Cannabis use is increasingly common as a consequence of decriminalization and even legalization. With legalization in Canada, I swear that there is now seemingly no place in Toronto free of the scent of cannabis smoke. (A few weeks ago I was paddleboarding in Lake Ontario hundreds of feet from shore, and I caught a whiff of that characteristic smell – it was another paddleboarder, smoking, even further out from shore.)

The health effects of cannabis use, particularly the cardiovascular risk, are not well understood. A recent study published in the Journal of the American Heart Association examined the association of cannabis use with myocardial infarction (heart attacks) stroke and coronary heard disease. The findings suggest that there may be some distinct risks with use that users should be aware of.

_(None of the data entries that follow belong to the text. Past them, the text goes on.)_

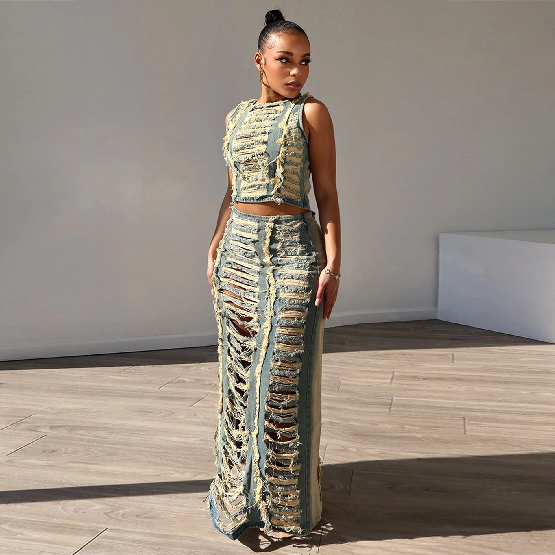 FZ Women's Elegant Ripped Hole Two 2 Piece Split Side Maxi Denim Skirt Suit Sale price€58,95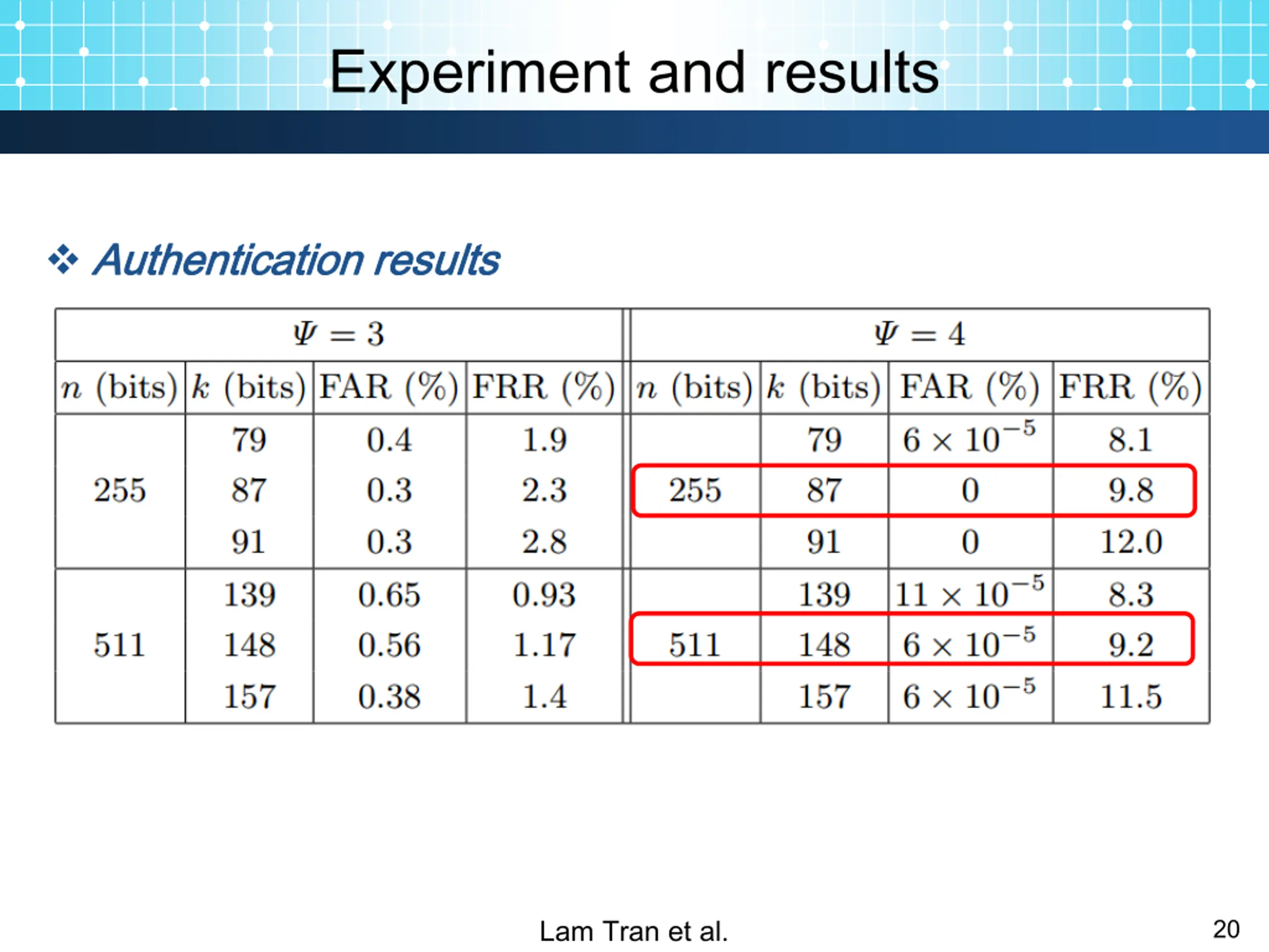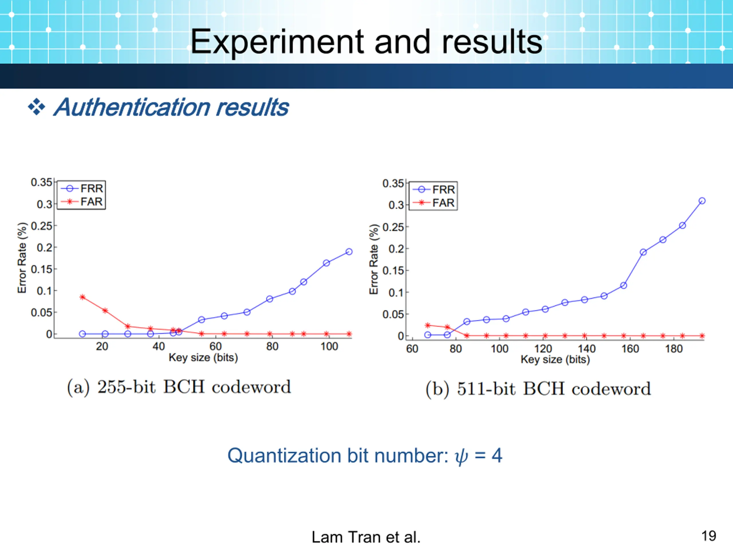 Experiment and results Authentication Authentication results results Quantization bit number: ? = 4 Lam Tran et al. 19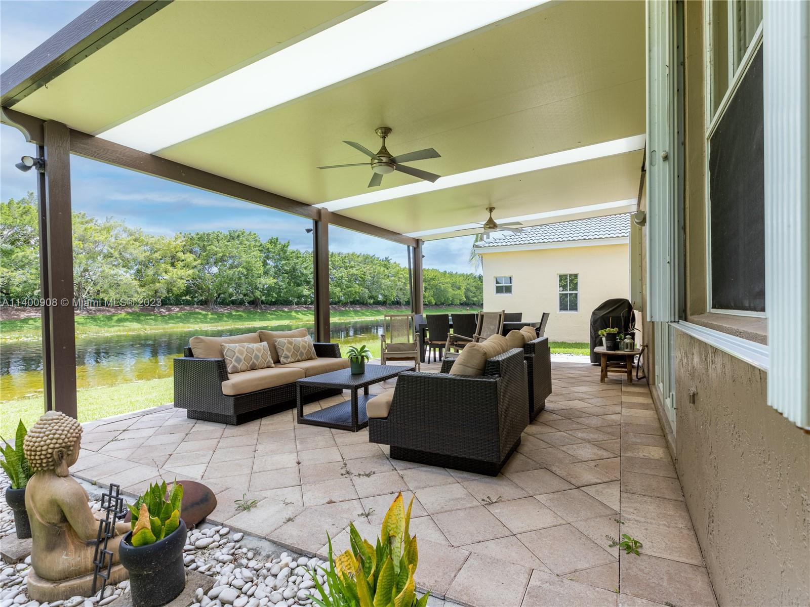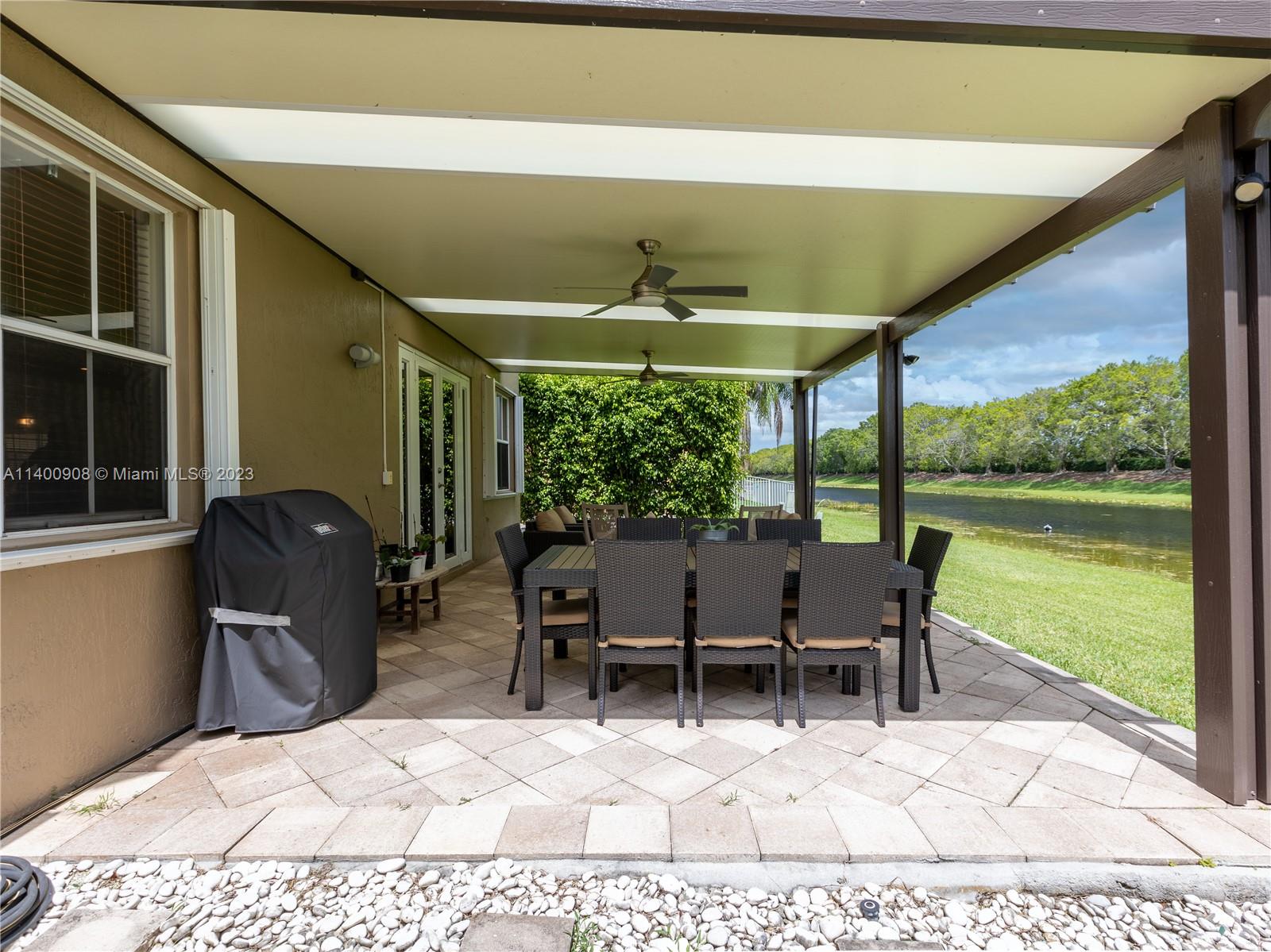 Back on the Market! Beautiful 4-BR + office, 2.5 bathrooms (guest bath and ½ bath renovated), 2-car garage lakefront home in the highly desirable gated community of The Ridges with A-rated schools and convenient access to all highways. Modern kitchen with elegant quartz countertops. Marble Floors in Living Areas. Modern Vinyl Wood Floors in Stairs and All Bedrooms. Stunning lake views with no neighbors in the back provide extra privacy allowing you to enjoy the beauty of the surroundings. Large extended covered patio to relax and entertain. Unique custom storage built-in under the stairs. Accordion shutters offer quick protection against hurricanes and storms. A neutral color scheme creates a versatile backdrop for any decor style and allows you to personalize the space.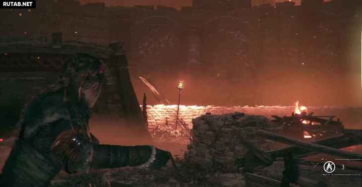 После того, как жаровня зажглась, быстро бегите к следующему источнику света.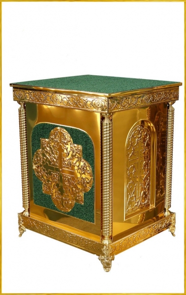 розміри (Д х Ш х В): 75 х 85 х 105 см; чеканка; метал - булат (нержавіюча сталь з напиленням нітриду титану); розбірний; кришка — оксамит (меблева тканина); основа жертовника — ДСП; литі ніжки.Нет описания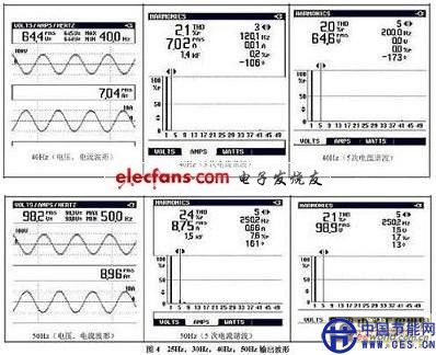 d)輸出電壓波 形在額定負載時尚好,低于25Hz以下畸變突出;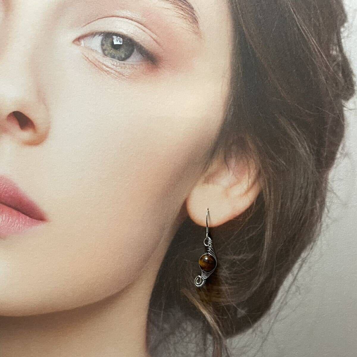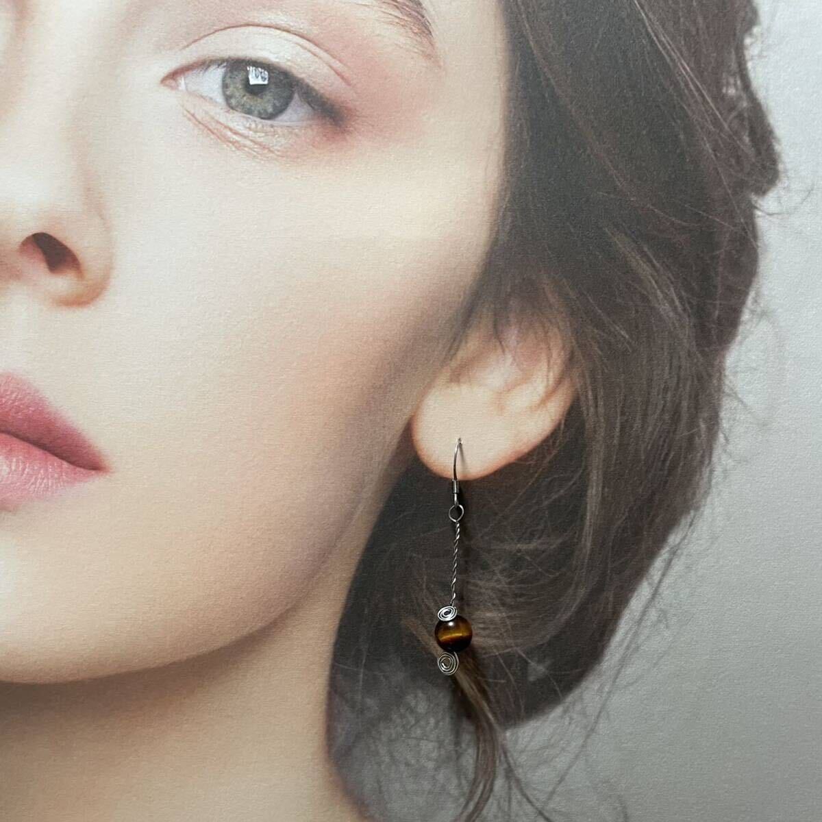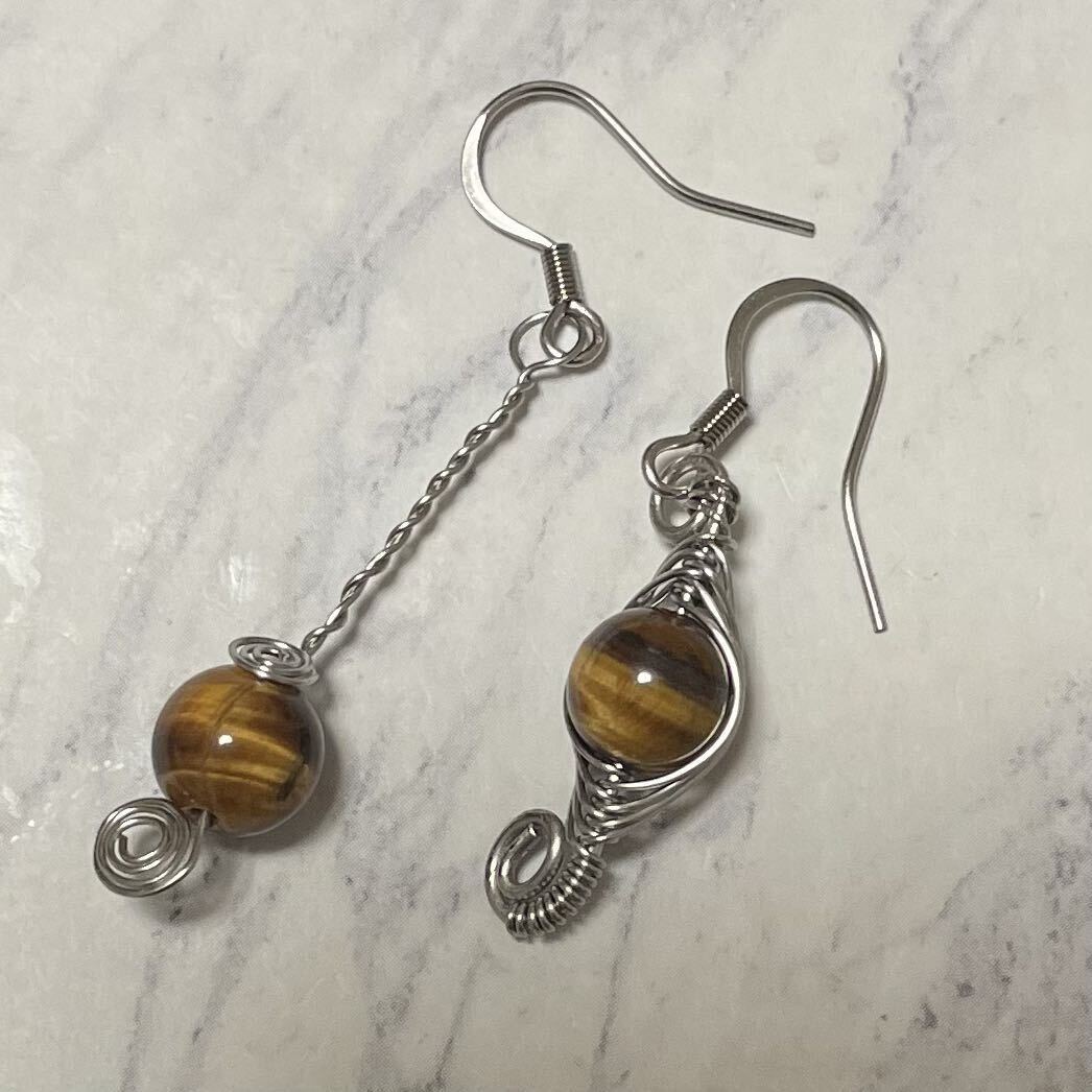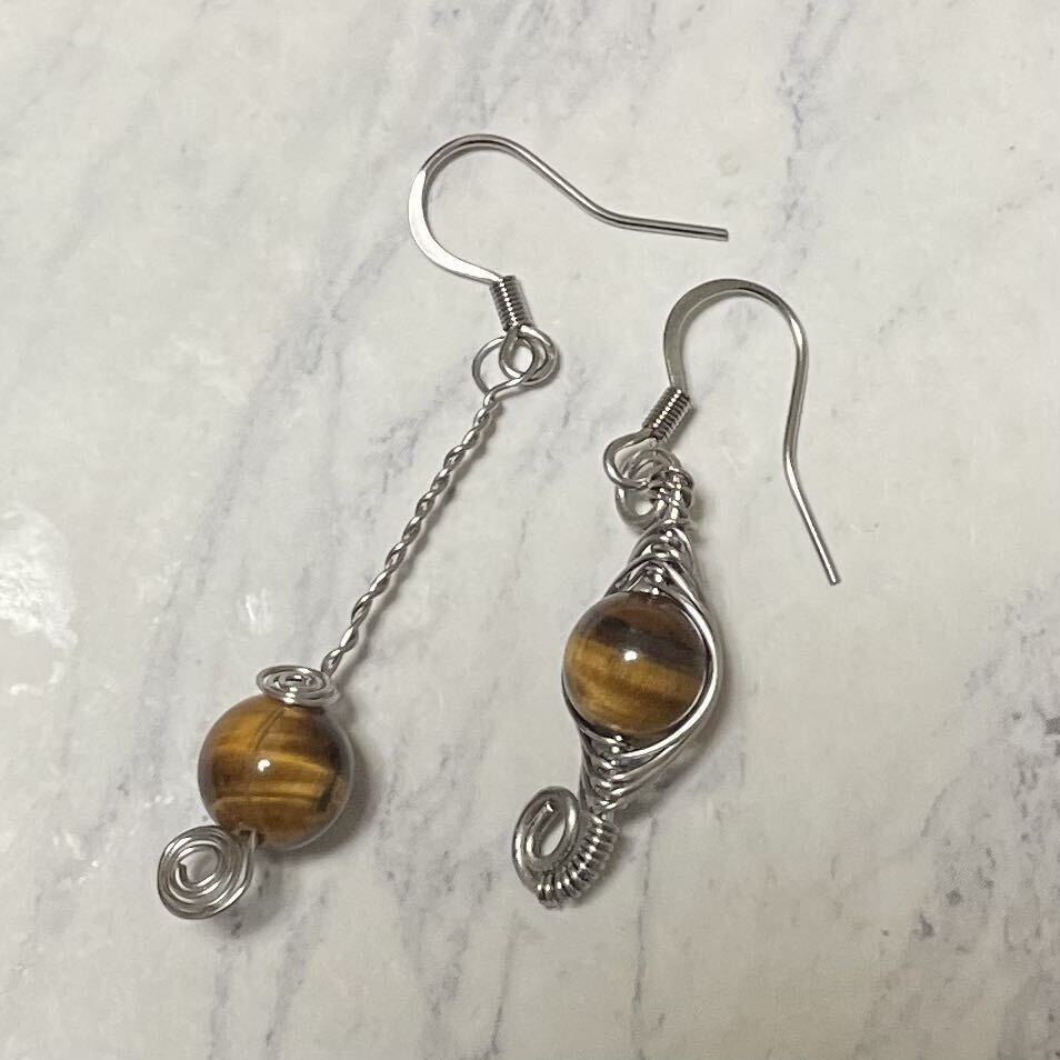 - A17. 天然石 ピアス タイガーアイ ハンドメイド サージカルステンレス アレルギーフリー ニッケルフリー アシンメトリー

Cannabis use in the U.S. has significantly increased, with daily or near-daily use tripling between 2002 and 2019. At the same time, the public’s perception of the drug’s risks has declined, with fewer people viewing cannabis use as highly dangerous. Little is known about the specific health risks of use, particularly for cardiovascular disease, which remains the leading cause of death. Research into cannabis use and cardiovascular disease has historically been complicated by simultaneous cigarette smoking, which is known to be be harmful. Cannabis may be linked to heart disease because its active component, delta-9-tetrahydrocannabinol (THC), can affect the cardiovascular system, with cannabinoid receptors throughout the cardiovascular system. Smoking cannabis poses additional risks due to inhaled particles. Evidence is lacking related to the distinct cardiovascular impact of cannabis, especially among non-tobacco users.

The Study

This paper was entitled Association of Cannabis Use With Cardiovascular Outcomes Among US Adults, with lead author Abra M. Jeffers and senior author Salomeh Keyhani, and funding for the study from the National Cancer Institute. The authors used data from the Behavioral Risk Factor Surveillance Survey (BRFSS) between 2016 and 2020, collected from adults aged 18 to 74 across 27 U.S. states and two territories. Participants were asked how many days they used cannabis in the last month, with usage categorized on a scale from 0 to 1 daily. This meant daily use was rated as 1, and anything less was a fraction of 1. Demographic, socioeconomic, and cardiovascular risk factors were also recorded, including tobacco use (never, former, current), alcohol, and e-cigarette use.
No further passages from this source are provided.